Хотел было я то просо курам отдать, там варить нечего, столовая ложка, смех. Тут мать голос подала: не смей! Велела посеять.

Весны мы кое-как дождались, перемогли. Пошел в огород, вскопал гряду трехметровую и каждое зернышко в отдельности посадил. В сорок втором это было, да.

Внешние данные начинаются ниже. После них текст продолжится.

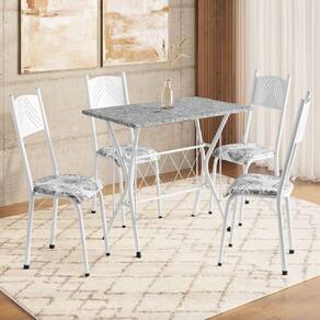 Conjunto De Mesa Sala De Jantar Bruna 1m Com 4 Cadeiras Granito Tubular Artefamol Branco Flor
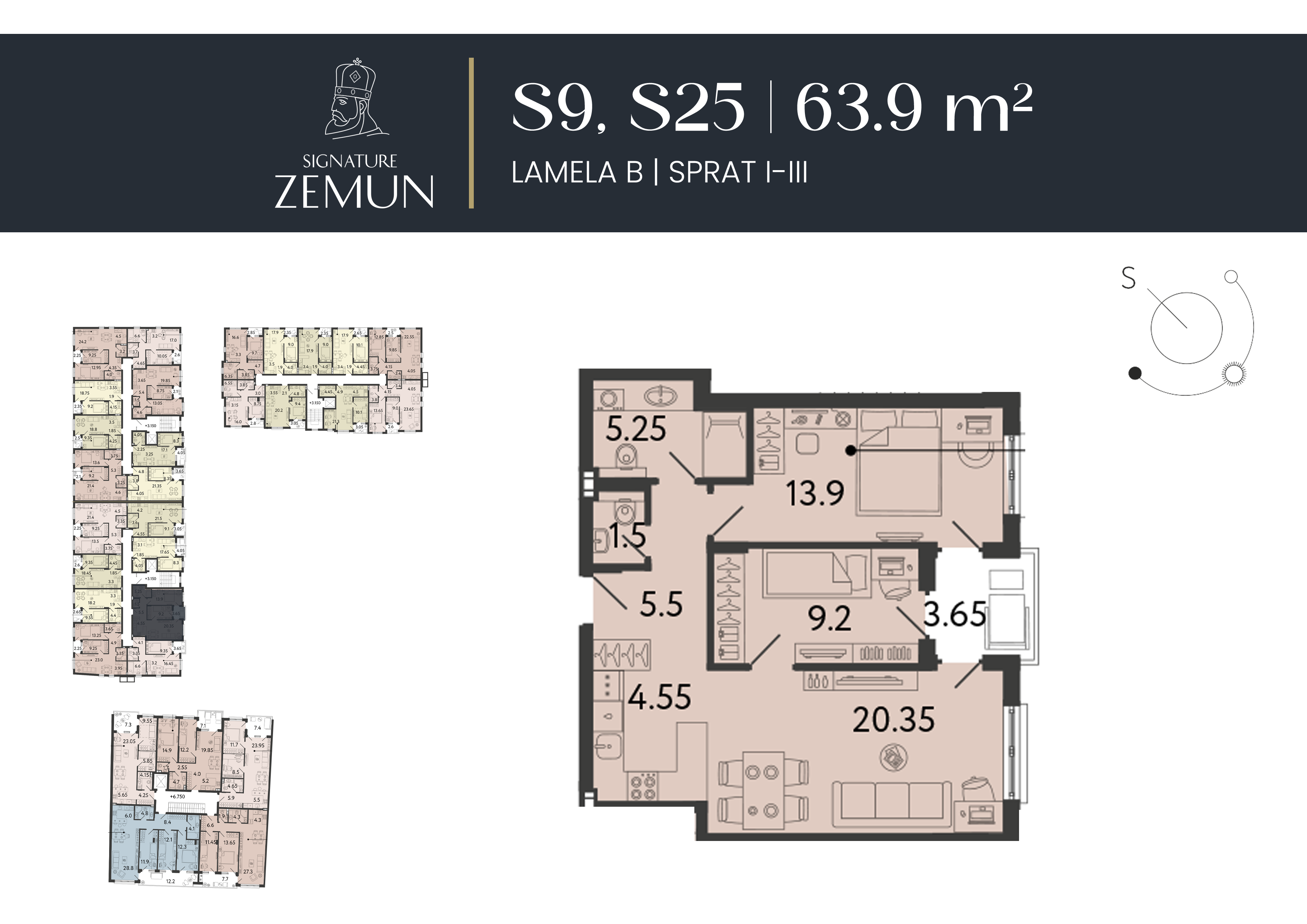 | Lamela B - S25 | 3 | 64 m² | 2 | Dostupan | Plan stana | |

С весной полегче стало: в лес ходили сок березовый пить, саранку копать, пучку — это корешки такие сладкие. Из крапивы щи варили, потом ягоды пошли, грибы. Горсть ягод, боровик, корешок — вот тебе и завтрак. На Змеиной горе ягод было — пропасть! Но змеи кишмя кишат. Так я единственные сапоги дратвой прошил — и на Змеиную гору ходил, в змеином царстве ягоду брал и малышей кормил. Да еще на курганах. Курганов много было, поставлены хитро. Мы мальчишками в них копались, наконечники стрел, мечи, подковы находили. Курганы древние, со времен нашествия стоят. Через горы путь кочевникам был самый короткий. Я так думаю, курганы эти им как путевые вехи служили. А может, складами. Очень уж они симметрично поставлены…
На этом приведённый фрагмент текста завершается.